(Items from a dataset)
---

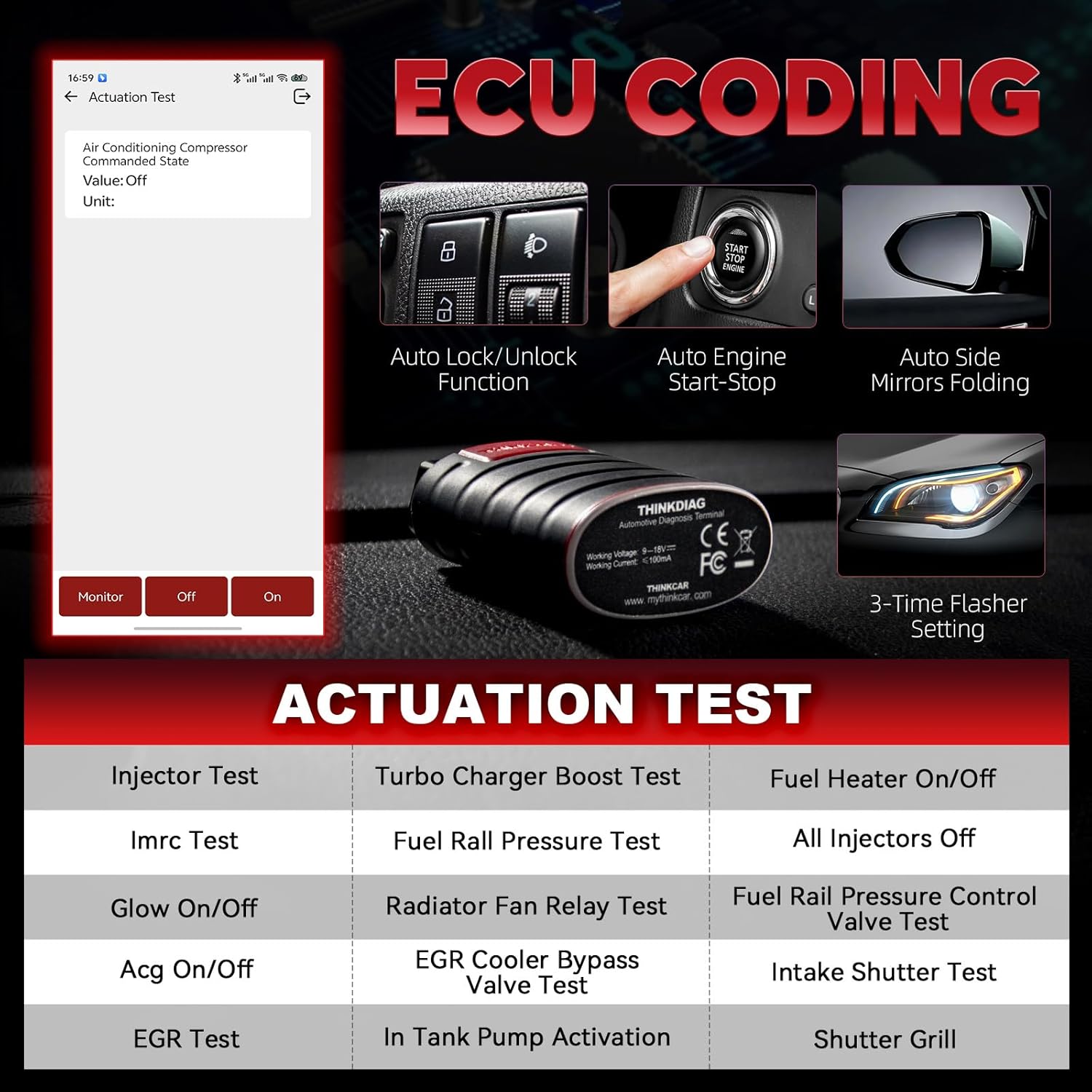 - ăâď¸ ECU Coding & Hidden Feature ActivationăThinkdiag diagnose obd2 scanner bluetooth allows you to match the replaced components with ECU, flash hidden functions for BMW, for GM, for Benz etc. Disable some annoying features, customize vehicle's settings to improve performance. No matter you are private owner or professional technician, Thinkdiag is a powerful and handy scanner in your repair tool list. ECU coding is not suitable for every car models, please check with us before purchse.
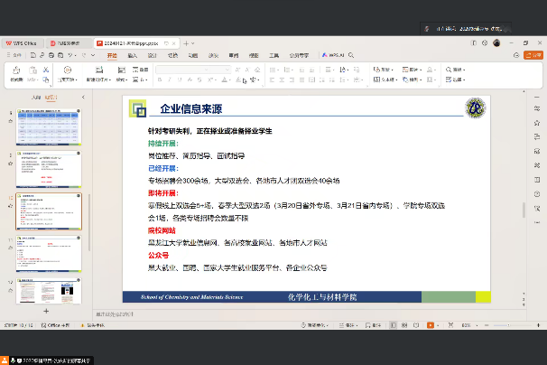 沈庆新老师鼓励毕业生积极拓展就业思路,多方面寻找就业机会,强调同学们应充分发挥自我优势,了解当前就业情况,并对近期的各省份公务员、选调生、事业单位报考信息进行了梳理和政策讲解。他强调,各位同学及家长应该抓住寒假时期,以“底子清、方法正”的就业工作理念,合理利用家校资源,丰富就业信息平台,寻找就业的最优环境。
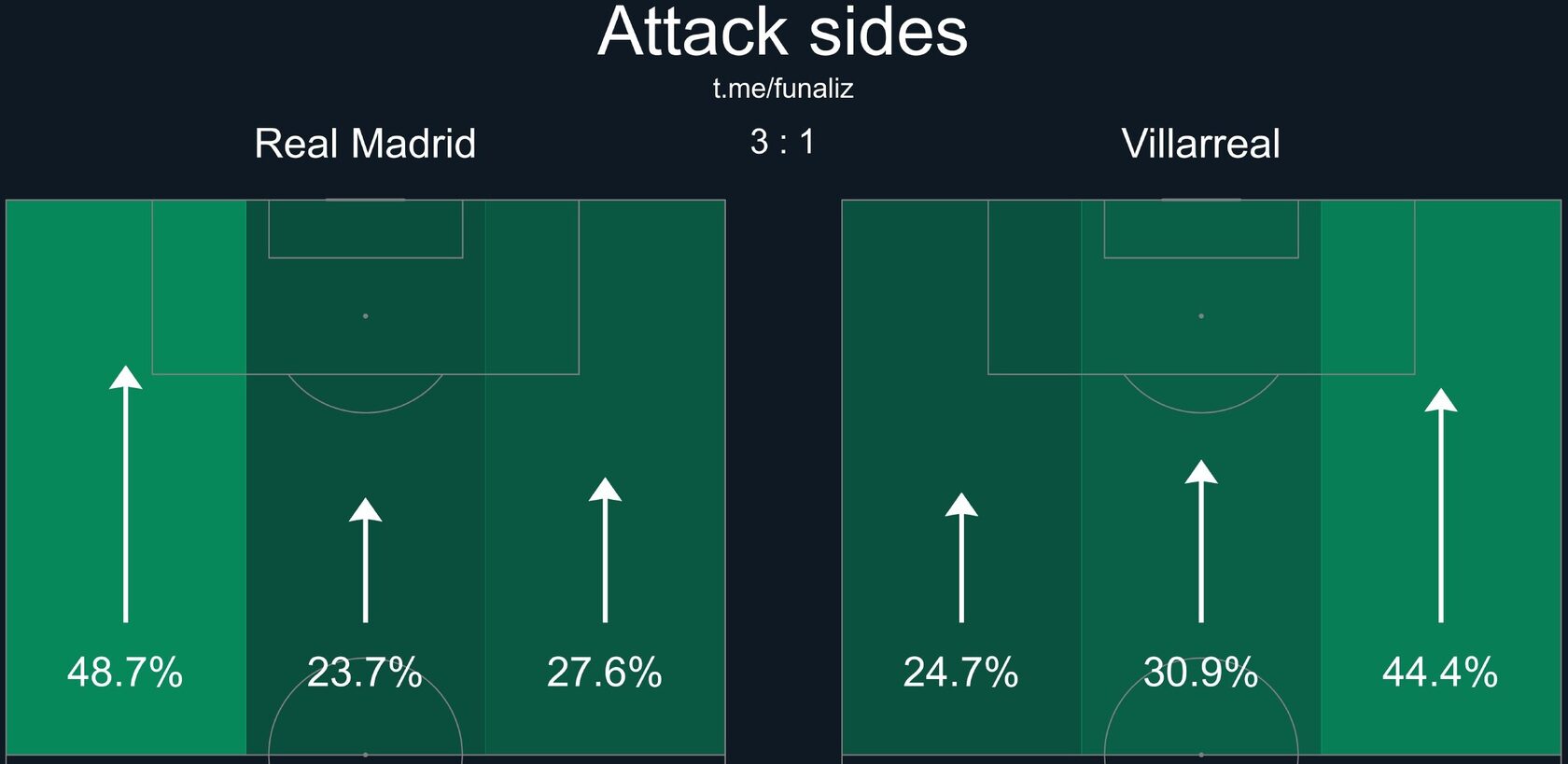 Но понятно, что даже с такими ходами "Вильярреал" не превращается в неуязвимую (на флангах) без мяча команду. С "Реалом" это усугубилось не только наличием Мбаппе и Винисиуса, часто встречающихся с мячом в ширине, но и ранними желтыми крайних защитников — Кардоны (12 минута) и Моуриньо (21 минута).
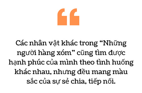 Các nhân vật khác trong “Những người hàng xóm” cũng tìm được hạnh phúc của mình theo tình huống khác nhau, nhưng đều mang màu sắc của sự sẻ chia, tiếp nối.
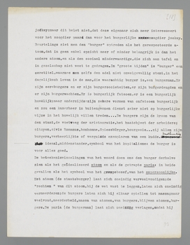 De beteekeniswisselingen van het woord doen ons den burger derhalve zien als het geïdealiseerd atoom en als de getrapte paria: in beide gevallen als het symbool van het groepsbesef, van het onpersoonlijke. Het atoom (de staatsburger) laat zich oneindig verveelvoudigen; de ‘rechten’ van dit atoom, bij de wet vast te leggen, laten zich oneindig vermeerderen; de burgers laten zich bij elkaar optellen tot massa; maar veelvoud, meerderheid, massa van atomen, van burgers, blijven atomen, burgers. De paria (de burgerman) laat zich oneindig verlagen, omdat hij slechts de lagere graad vertegenwoordigt; de adel noemt den stadspatriciër burgerlijk, de patriciër noemt de gegoede ‘burgerij’ burgerlijk, de burgerij noemt den kruidenier burgerlijk... ad infinitum; maar al deze soorten burgerlieden verachten elkaar om klassekenmerken; zij handhaven door hun verachting hun klasse en pas in hun klasse zichzelf. Het samenzijn der burgeratomen is even weinig een verschijnsel van per-
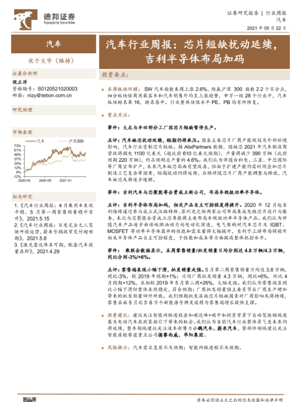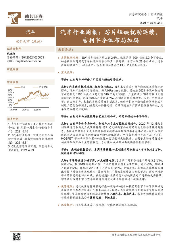 【德邦证券】【20210522】汽车行业周报:芯片短缺扰动延续,吉利半导体布局加码-13页
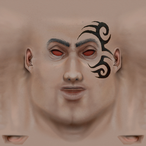 I'm going to tell you now, the shoulder tats would look awesome, the orange spiral, completely horrendous and out of place. Also, there's a neat little tool in ANY image editor other than paint called lasso select or free select, that lets you do that sort of thing yourself. You might try it out.
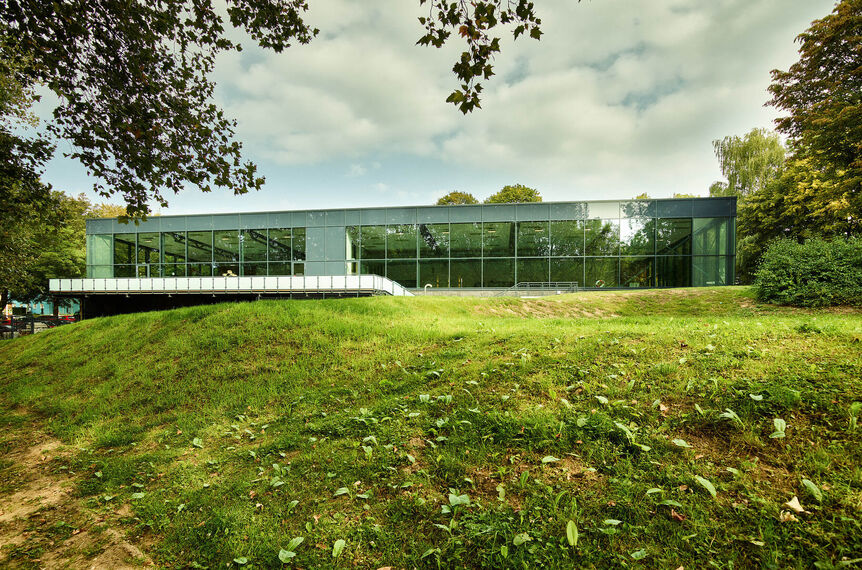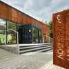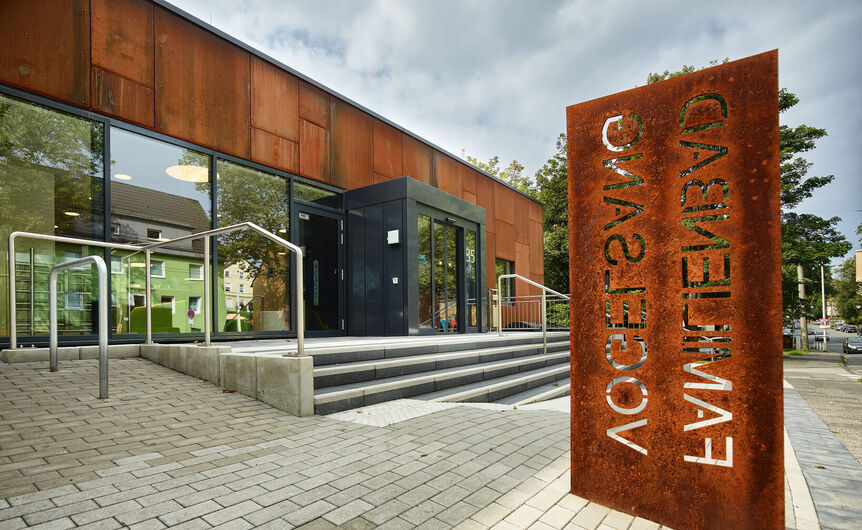 Solingen nennt sich wegen seiner langen Tradition in der Produktion von Qualitätsklingen und -scheren offiziell die Klingenstadt. Die Stadt liegt im Bergischen und das neue Hallenbad in einer bewaldeten Senke mitten in einem gewachsenen Wohnviertel. Kommt man von Norden, fällt es mit seiner rostdunklen Fassade aus dem in der Region verankerten Corten-Stahl erst spät auf und fügt sich scheinbar unaufgeregt in das Straßenbild, bis man davor steht. Dann entfaltet sich mit voller Wucht die Wirkung der Stirnseite und ihrer durch Witterung geprägten Patina, die dem Hallenbad das Gesicht eines edlen Repräsentativbaus verleiht. Kommt man von Süden, ist es die offene Fassade aus Stahl und Glas, die souverän zwischen dem reichen Baumbestand hervorlugt und sich neben dem urbanen Skaterpark selbstverständlich einfügt.
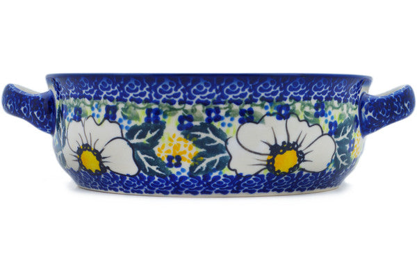 This Polish Pottery 8" Round Baker with Handles - Floral Fantasy is handmade and handpainted by the Ceramika Nina factory in Boleslawiec, Poland.
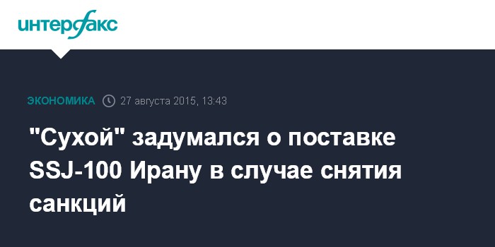 "Сухой" задумался о поставке SSJ-100 Ирану в случае снятия санкций
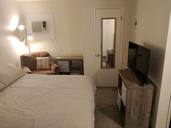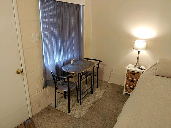 Beautifully situated in the heart of Granite Dells, yet easily accessible to Highway 89 and 89A! Picturesque climbing boulders and Granite Creek spillway flowing by are some of the things that make this place a nice retreat from your run of the mill apartment complex. Gorgeous quiet setting nestled by The Dells, the space is your own, with an assigned parking space and a shared coin-op laundry room. The apartment features new kitchen with granite counter tops, a four burner range with oven, Microwave, keurig, toaster, nice space for dining and using your laptop, and a 40" Roku TV with YouTube TV included. The queen-sized bed is very comfortable with a high end mattress, and the bathroom has new fixtures. All bedding, towels and kitchen utensils are included. Everything included in price including utilities, WiFi , coin-op laundry on-site.
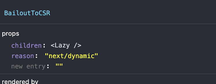 reason을 보면 이유도 같이 알 수 있습니다. 위 스크린샷에서는 next/dynamic으로 인한 Bailout이 발생했네요.
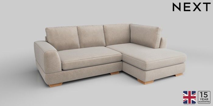 6.12.1 Buy Clayton Small Corner Chaise - Right Hand Boucle Chenille Oyster Large Square Angle - Light from the Next UK online shop Click here to use our accessible website
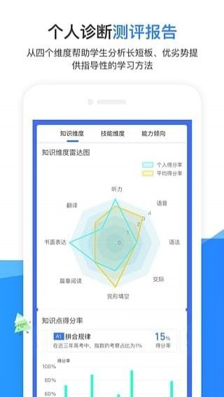 个人诊断评测报告:从四个维度帮助学生分析长短板、优劣势提供指导性的学习方式
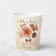 Un bébé brasse l'automne baby shower customisé monogrammed tasses en papier modèle, aquarelle chocolat chaud café cannelle épices biscuits feuilles d'érable, arrière - plan marron pour automne thème baby shower personnalisé vaisselle personnalisée tasses en papier.
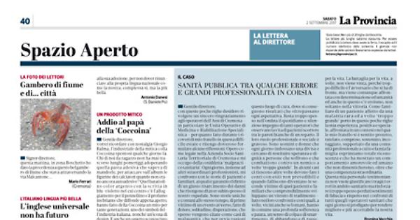con queste poche righe desidero rivolgere un sincero ringraziamento agli operatori dell’Asst di Cremona – in particolare le Unità Operative di Medicina e Riabilitazione Specialistica – per quanto fatto durante i ricoveri di mio fratello in questa difficile estate e ritengo doveroso formulare alcune riflessioni. Opero come legale nella Azienda Socio Sanitaria Territoriale di Cremona e mi occupo della cosiddetta ‘malpractice sanitaria’.
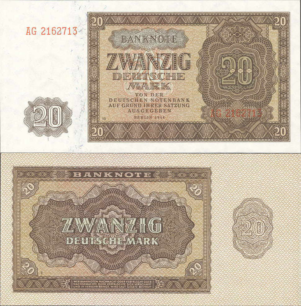 20 Deutsche Mark; Grabowski DDR-6 (344/P13); Vs. und Rs.: Ornamente, Buchdruck; Wz.: Pfeilspitzen; KN 7-stellig rot |
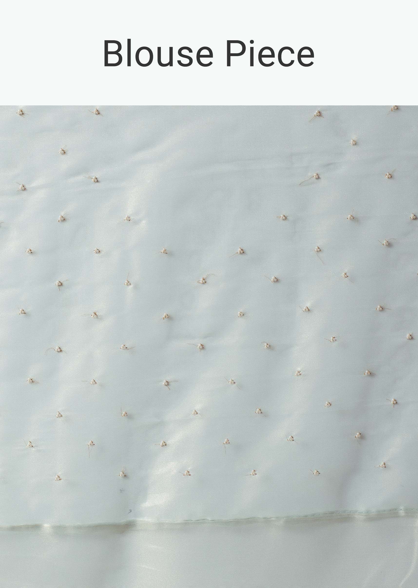 Indulge in the epitome of luxury with our exquisite pista green saree. Crafted in opulent tissue fabric, the saree features a captivating foil print all over, lending a mesmerizing shimmer to your every movement. The intricate pearl and bead embroidery border work adds a touch of regal charm, enhancing the overall allure of the saree. The saree comes with an unstitched blouse with a similar embroidery buttis. NOTE - The blouse worn by the model is for styling purpose only. EVENT - Perfect for festive celebrations. Awarded as the Most Trusted Brand, we're delivering styles you love, just as promised.
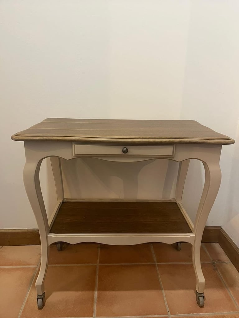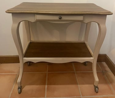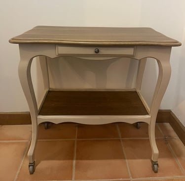 Table d'appoint sur roulettes, deux tons beiges, les deux plateaux ont été poncées et teint couleur chêne et vernis
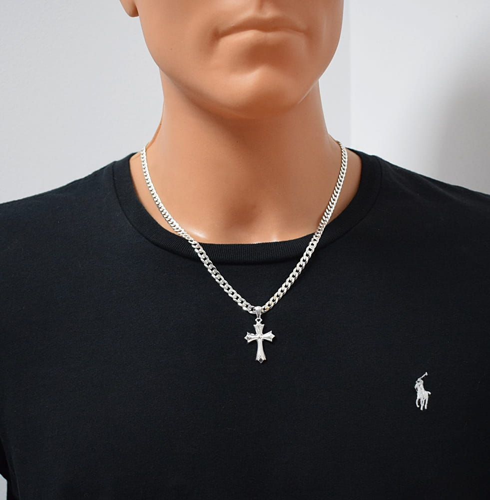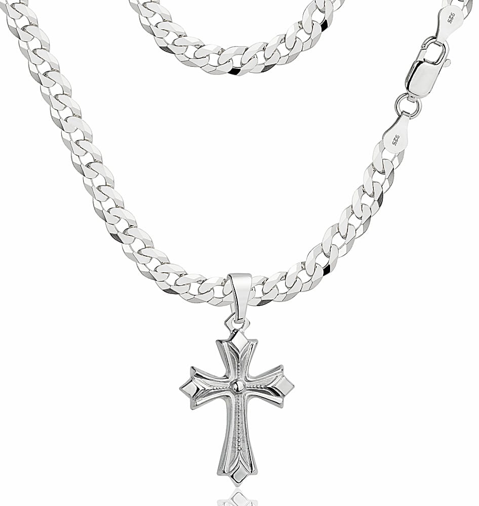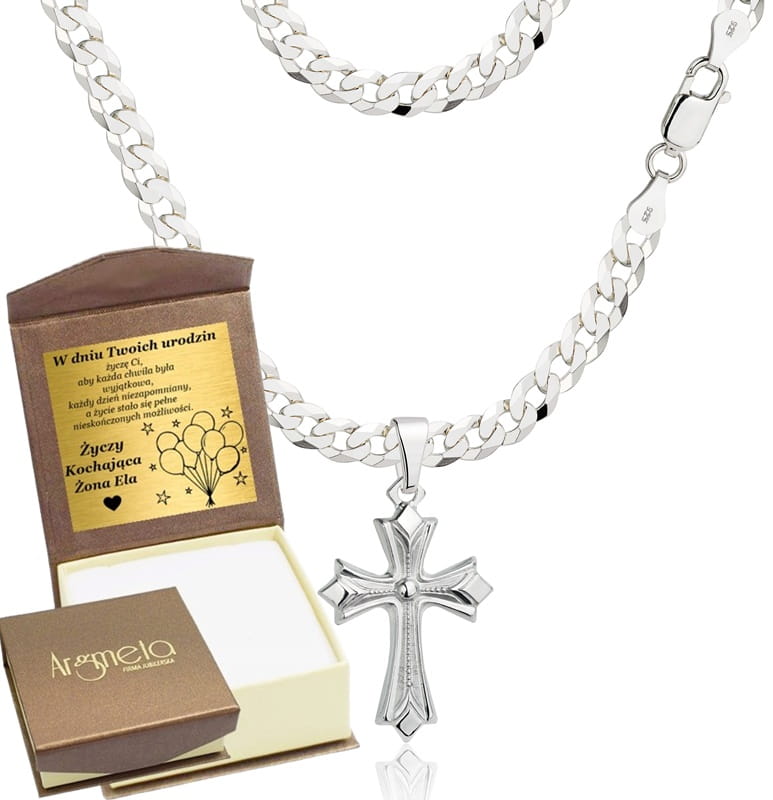 ➡️ Srebrny Łańcuszek Pancerka Pełna 5,00 mm z Krzyżykiem pr 925
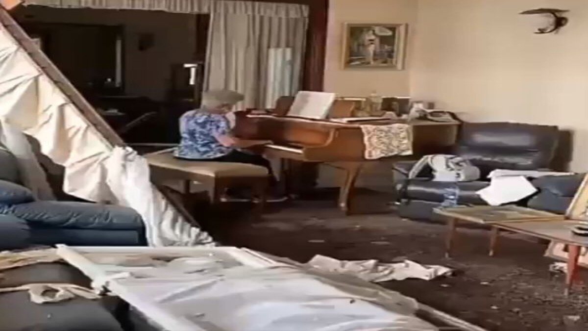 Kadın, moloz yığınları arasında piyano çalarken, evindeki yıkımın boyutu da gözler önüne serildi.

---

## Exercise brief
Your copy of the entries above must be exact and must not include pictures.

## Response
 - ăâď¸ ECU Coding & Hidden Feature ActivationăThinkdiag diagnose obd2 scanner bluetooth allows you to match the replaced components with ECU, flash hidden functions for BMW, for GM, for Benz etc. Disable some annoying features, customize vehicle's settings to improve performance. No matter you are private owner or professional technician, Thinkdiag is a powerful and handy scanner in your repair tool list. ECU coding is not suitable for every car models, please check with us before purchse.
 沈庆新老师鼓励毕业生积极拓展就业思路,多方面寻找就业机会,强调同学们应充分发挥自我优势,了解当前就业情况,并对近期的各省份公务员、选调生、事业单位报考信息进行了梳理和政策讲解。他强调,各位同学及家长应该抓住寒假时期,以“底子清、方法正”的就业工作理念,合理利用家校资源,丰富就业信息平台,寻找就业的最优环境。
 Но понятно, что даже с такими ходами "Вильярреал" не превращается в неуязвимую (на флангах) без мяча команду. С "Реалом" это усугубилось не только наличием Мбаппе и Винисиуса, часто встречающихся с мячом в ширине, но и ранними желтыми крайних защитников — Кардоны (12 минута) и Моуриньо (21 минута).
 Các nhân vật khác trong “Những người hàng xóm” cũng tìm được hạnh phúc của mình theo tình huống khác nhau, nhưng đều mang màu sắc của sự sẻ chia, tiếp nối.
 De beteekeniswisselingen van het woord doen ons den burger derhalve zien als het geïdealiseerd atoom en als de getrapte paria: in beide gevallen als het symbool van het groepsbesef, van het onpersoonlijke. Het atoom (de staatsburger) laat zich oneindig verveelvoudigen; de ‘rechten’ van dit atoom, bij de wet vast te leggen, laten zich oneindig vermeerderen; de burgers laten zich bij elkaar optellen tot massa; maar veelvoud, meerderheid, massa van atomen, van burgers, blijven atomen, burgers. De paria (de burgerman) laat zich oneindig verlagen, omdat hij slechts de lagere graad vertegenwoordigt; de adel noemt den stadspatriciër burgerlijk, de patriciër noemt de gegoede ‘burgerij’ burgerlijk, de burgerij noemt den kruidenier burgerlijk... ad infinitum; maar al deze soorten burgerlieden verachten elkaar om klassekenmerken; zij handhaven door hun verachting hun klasse en pas in hun klasse zichzelf. Het samenzijn der burgeratomen is even weinig een verschijnsel van per-
 【德邦证券】【20210522】汽车行业周报:芯片短缺扰动延续,吉利半导体布局加码-13页
 I'm going to tell you now, the shoulder tats would look awesome, the orange spiral, completely horrendous and out of place. Also, there's a neat little tool in ANY image editor other than paint called lasso select or free select, that lets you do that sort of thing yourself. You might try it out.
 Solingen nennt sich wegen seiner langen Tradition in der Produktion von Qualitätsklingen und -scheren offiziell die Klingenstadt. Die Stadt liegt im Bergischen und das neue Hallenbad in einer bewaldeten Senke mitten in einem gewachsenen Wohnviertel. Kommt man von Norden, fällt es mit seiner rostdunklen Fassade aus dem in der Region verankerten Corten-Stahl erst spät auf und fügt sich scheinbar unaufgeregt in das Straßenbild, bis man davor steht. Dann entfaltet sich mit voller Wucht die Wirkung der Stirnseite und ihrer durch Witterung geprägten Patina, die dem Hallenbad das Gesicht eines edlen Repräsentativbaus verleiht. Kommt man von Süden, ist es die offene Fassade aus Stahl und Glas, die souverän zwischen dem reichen Baumbestand hervorlugt und sich neben dem urbanen Skaterpark selbstverständlich einfügt.
 This Polish Pottery 8" Round Baker with Handles - Floral Fantasy is handmade and handpainted by the Ceramika Nina factory in Boleslawiec, Poland.
 "Сухой" задумался о поставке SSJ-100 Ирану в случае снятия санкций
 Beautifully situated in the heart of Granite Dells, yet easily accessible to Highway 89 and 89A! Picturesque climbing boulders and Granite Creek spillway flowing by are some of the things that make this place a nice retreat from your run of the mill apartment complex. Gorgeous quiet setting nestled by The Dells, the space is your own, with an assigned parking space and a shared coin-op laundry room. The apartment features new kitchen with granite counter tops, a four burner range with oven, Microwave, keurig, toaster, nice space for dining and using your laptop, and a 40" Roku TV with YouTube TV included. The queen-sized bed is very comfortable with a high end mattress, and the bathroom has new fixtures. All bedding, towels and kitchen utensils are included. Everything included in price including utilities, WiFi , coin-op laundry on-site.
 reason을 보면 이유도 같이 알 수 있습니다. 위 스크린샷에서는 next/dynamic으로 인한 Bailout이 발생했네요.
 6.12.1 Buy Clayton Small Corner Chaise - Right Hand Boucle Chenille Oyster Large Square Angle - Light from the Next UK online shop Click here to use our accessible website
 个人诊断评测报告:从四个维度帮助学生分析长短板、优劣势提供指导性的学习方式
 Un bébé brasse l'automne baby shower customisé monogrammed tasses en papier modèle, aquarelle chocolat chaud café cannelle épices biscuits feuilles d'érable, arrière - plan marron pour automne thème baby shower personnalisé vaisselle personnalisée tasses en papier.
con queste poche righe desidero rivolgere un sincero ringraziamento agli operatori dell’Asst di Cremona – in particolare le Unità Operative di Medicina e Riabilitazione Specialistica – per quanto fatto durante i ricoveri di mio fratello in questa difficile estate e ritengo doveroso formulare alcune riflessioni. Opero come legale nella Azienda Socio Sanitaria Territoriale di Cremona e mi occupo della cosiddetta ‘malpractice sanitaria’.
 20 Deutsche Mark; Grabowski DDR-6 (344/P13); Vs. und Rs.: Ornamente, Buchdruck; Wz.: Pfeilspitzen; KN 7-stellig rot |
 Indulge in the epitome of luxury with our exquisite pista green saree. Crafted in opulent tissue fabric, the saree features a captivating foil print all over, lending a mesmerizing shimmer to your every movement. The intricate pearl and bead embroidery border work adds a touch of regal charm, enhancing the overall allure of the saree. The saree comes with an unstitched blouse with a similar embroidery buttis. NOTE - The blouse worn by the model is for styling purpose only. EVENT - Perfect for festive celebrations. Awarded as the Most Trusted Brand, we're delivering styles you love, just as promised.
 Table d'appoint sur roulettes, deux tons beiges, les deux plateaux ont été poncées et teint couleur chêne et vernis
 ➡️ Srebrny Łańcuszek Pancerka Pełna 5,00 mm z Krzyżykiem pr 925
 Kadın, moloz yığınları arasında piyano çalarken, evindeki yıkımın boyutu da gözler önüne serildi.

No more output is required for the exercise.